No doubt, the president’s speech is short and appears to be in parables rather than in details. In spite of its acclaimed beauty, there are obvious gaps and silences in the speech, giving its briefness and lack of necessary details. For instance, the president failed to frontally address the raging issue of restructuring in a manner most Nigerians had expected as well as the various quit notices issued by the Arewa youth groups and others.
Lumping herdsmen violence with farmers’ clashes is to simplify the issue. In fact, the herdsmen brigandage goes beyond that oversimplification. Although some of these issues can be inferred from his speech, they were not given the right sound bites, prominence and needed underscoring.

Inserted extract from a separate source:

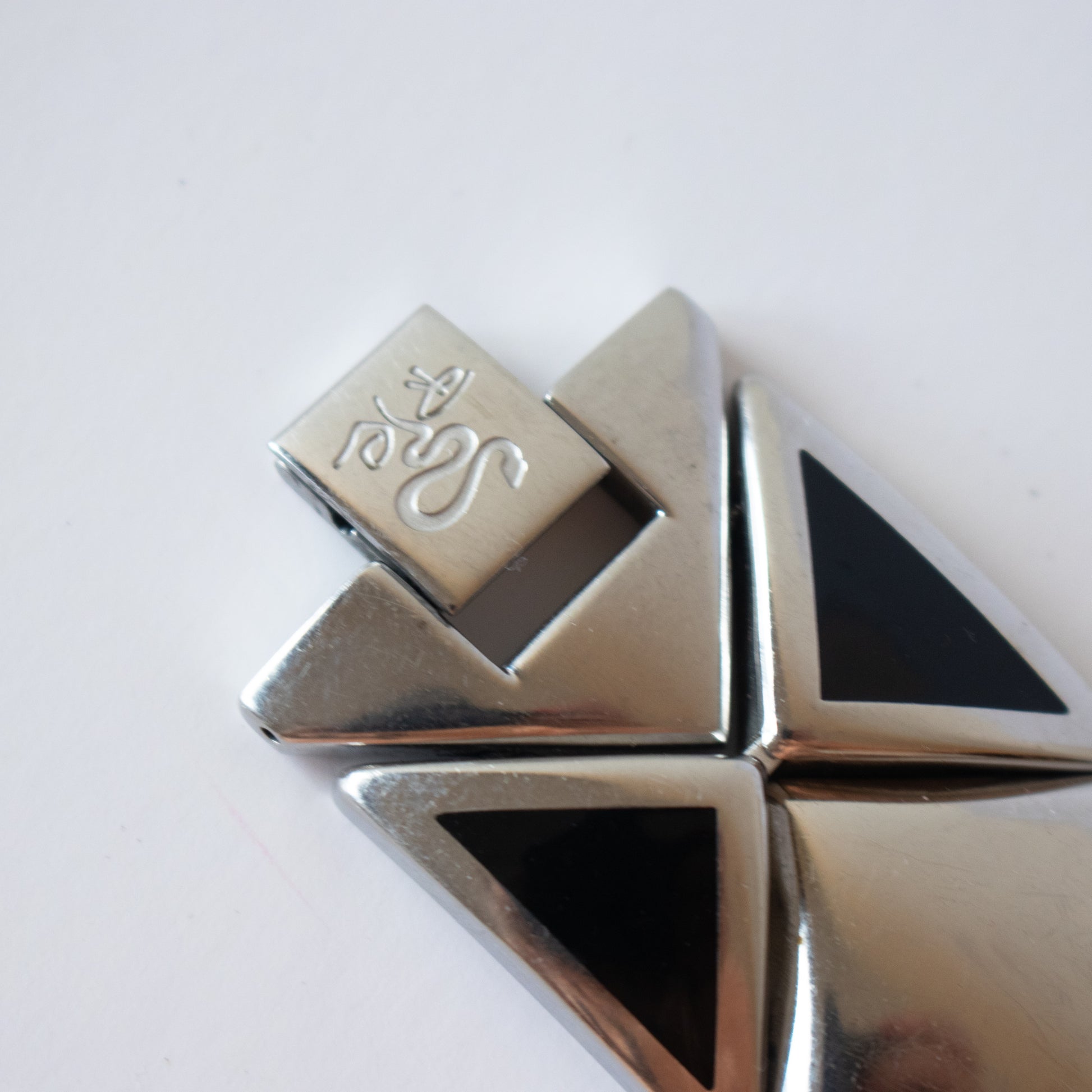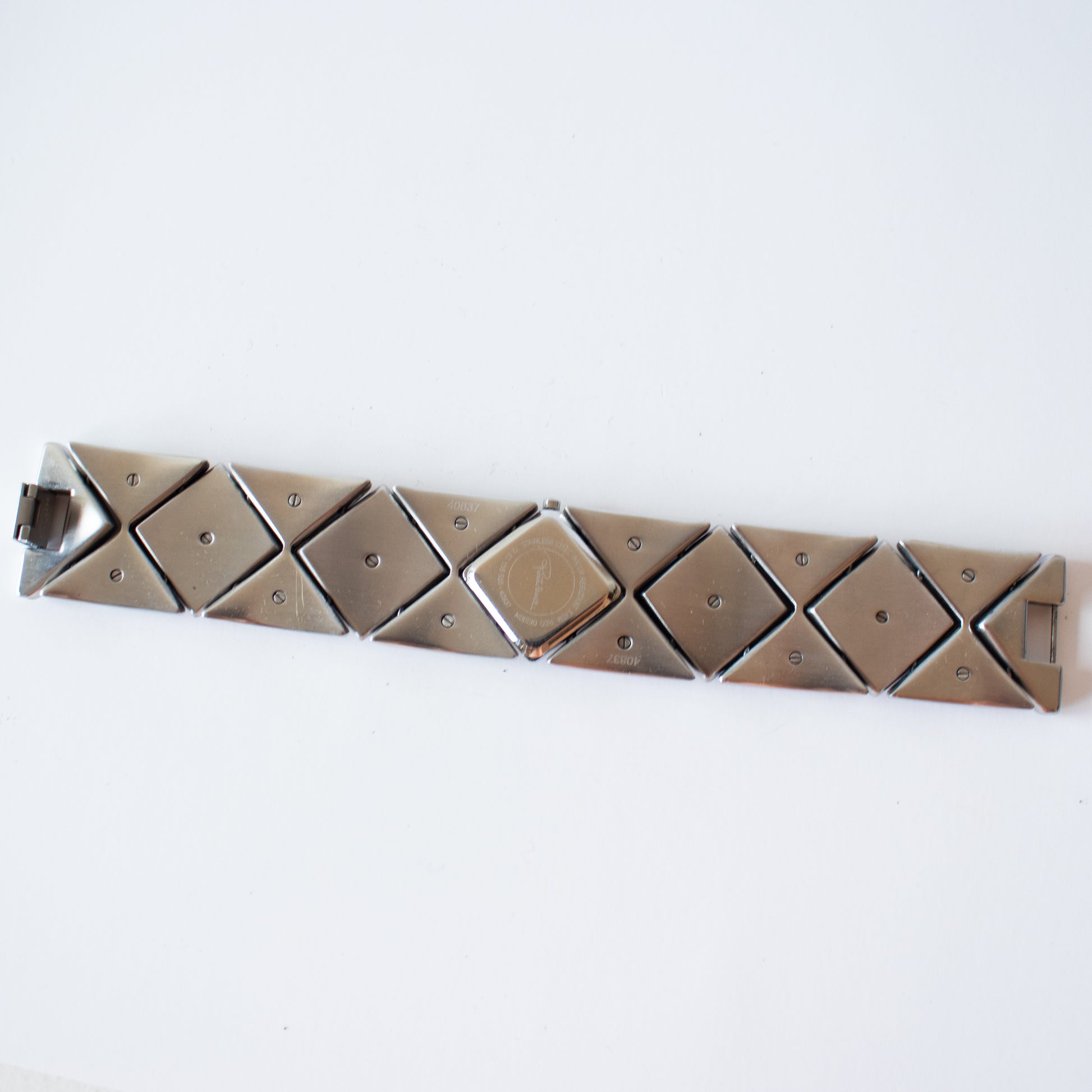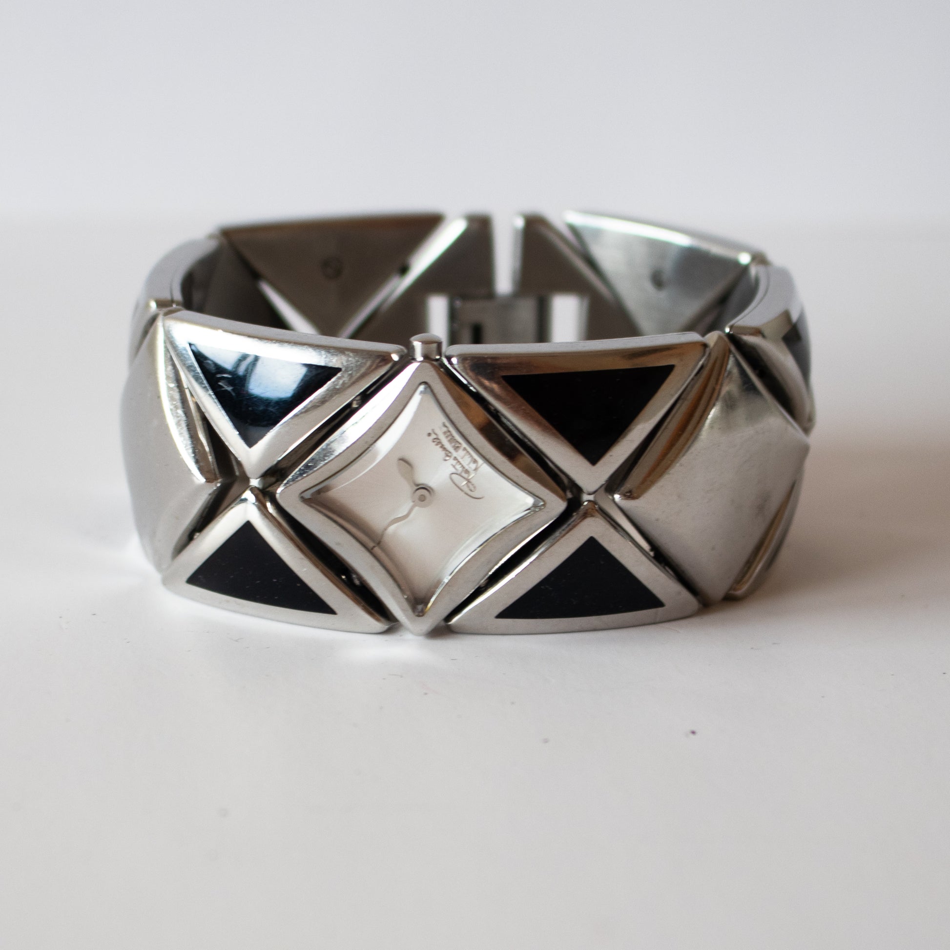 Relógio em aço prateado e preto, alternado, com cronógrafo.

I also do not agree with the president that Nigeria’s unity is settled and therefore not negotiable, irrespective of what he and Ojukwu agreed on.

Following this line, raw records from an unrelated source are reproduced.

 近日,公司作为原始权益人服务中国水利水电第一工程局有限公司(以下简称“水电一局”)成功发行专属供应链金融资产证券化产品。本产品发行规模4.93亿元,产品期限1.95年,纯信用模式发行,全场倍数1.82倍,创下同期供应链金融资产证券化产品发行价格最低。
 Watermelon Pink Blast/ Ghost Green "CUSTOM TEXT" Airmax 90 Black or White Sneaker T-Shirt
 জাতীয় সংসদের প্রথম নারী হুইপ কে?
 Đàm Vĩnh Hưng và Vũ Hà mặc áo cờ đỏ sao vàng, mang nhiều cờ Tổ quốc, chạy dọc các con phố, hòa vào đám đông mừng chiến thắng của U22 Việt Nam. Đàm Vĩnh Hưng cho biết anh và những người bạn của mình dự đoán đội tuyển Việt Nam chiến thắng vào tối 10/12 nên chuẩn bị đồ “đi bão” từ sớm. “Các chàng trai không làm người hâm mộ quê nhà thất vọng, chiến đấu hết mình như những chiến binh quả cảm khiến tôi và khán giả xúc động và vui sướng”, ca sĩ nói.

No one or two persons can pontificate to all of us on the notion of national unity. Our unity must be open to negotiation until we perfect it based on equity, fairness and justice. No nation’s unity is a settled issue that cannot be questioned or renegotiated if it is not working well as in the case of Nigeria. If the roofs of the nation’s edifice are leaking and the walls are cracking and the paints are peeling off, it requires some structural repairs, reconstruction or restructuring.
The agitations by MASSOB, IPOB and others arose as a result of glaring injustice, inequity and unfairness of the Nigerian federation. These are visible in the states’ and local governments’ structure, revenue allocation, and federal appointments. I can go on and on. These are legitimate concerns that should be addressed through dialogue for the desired peace to reign.

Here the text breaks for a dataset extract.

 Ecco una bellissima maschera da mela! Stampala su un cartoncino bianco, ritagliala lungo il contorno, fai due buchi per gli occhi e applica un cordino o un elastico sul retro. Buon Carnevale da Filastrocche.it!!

It should not be by force of arms. And we need not go to war to achieve these. We have trodden that path before. Nigeria’s unity should be by consensus and not by force. That is the more reason why this ‘change’ government must not joke with restructuring that most Nigerians are clamouring for now. The business of remaking Nigeria is too big to be left in the hands of the National Assembly and the National Council of State alone.
It is the duty of all of us. These are some of the areas the critics of the speech have merit. But since the president had been away on sick leave and it is observable that he needed much time to rest and recover fully, he should not be burdened with a long speech that will itemize all our problems and treat them one by one. This is where Buhari supporters have merit.
Moreover, the president is not a man of many words. He says many things in a fewer words. He economizes words as if they are scarce commodities. He does not want to waste words. We should forgive him on that score. As a retired army general, his words come forcefully and lack the persuasion and sobriety required of his office. He really missed that golden opportunity to talk to Nigerians persuasively and play on their emotions.
In all these counts, let’s bear with him and give him the benefit of doubt that he meant well for the country. Let’s continue to pray for him and other leaders so that they can lead us well. Let’s not welcome him home with shouting bouts, hate speeches and needless confrontations. He needs peace to work well.
We can criticize him constructively and with love in defence of the constitution. Therefore, all separatist agitators and quit notice purveyors should also give the president a chance to address their grievances. Nothing works well by force of arms and ultimatums. Nigeria is our own, let’s make it better.